В больнице нас встретила целая делегация. Зареванная тетя Такхизис трясущимися руками вцепилась в мое крепкое мужское плечо. Тетя Джульетта, хоть и была непривычно бледна, вела себя сдержанней. На какой то миг я испугался, что у меня стало еще на одного кузена меньше, но дверь палаты распахнулась и на пороге появилась знакомая рыжая шевелюра. Осирис едва кивнул и посторонился, пропуская нас.

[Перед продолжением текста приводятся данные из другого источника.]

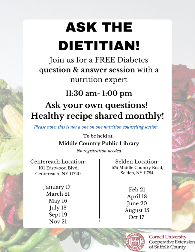 Cornell Cooperative Extension is hosting FREE Diabetes question & answer sessions with a nutrition expert. Ask your own questions, and receive healthy recipes shared monthly. Please note this is not a one on one nutrition counseling session.

На больничной койке лежала Келла.
У меня был определенный опыт посещения больниц, но по долгу службы это было преимущественно изгнание духов, опрос свидетелей или осмотр останков. Здесь же, когда в бинтах и зеленке лежала пусть и формальная, но родственница, а вокруг столпилась, стеная, собственная семья, становилось изрядно не по себе.
Возле кровати Келлы сидела девочка лет десяти, растерянная, напуганная. С каким-то запоздалым, заторможенным пониманием я догадался, что это Освин, их дочь.
- Авария! Страшная авария! Какой то мерзавец не справился с управлением и врезался в нашу девочку!, - надрывный шепот тети Хиз, пересказывающей маме суть произошедшей трагедии, громовыми раскатами разносился в гнетущей тишине палаты. Келла была под капельницей, но в сознании, хотя и смотрела на нас мутным взглядом, не понимая и не узнавая. С минуты на минуту должен был появиться врач.
Глухой грохот, топот и восклицания возвестили о появлении кого-то очень шумного и очень деятельного, и вряд ли это был врач.
- Где моя дочь? – шум становился все ближе и отчетливей. Видимо какая то медсестричка ринулась грудью защищать двери от разгневанного отца.
- Генерал Шарп, здесь нельзя шуметь! Здесь больные, им нужен покой! Послушайте…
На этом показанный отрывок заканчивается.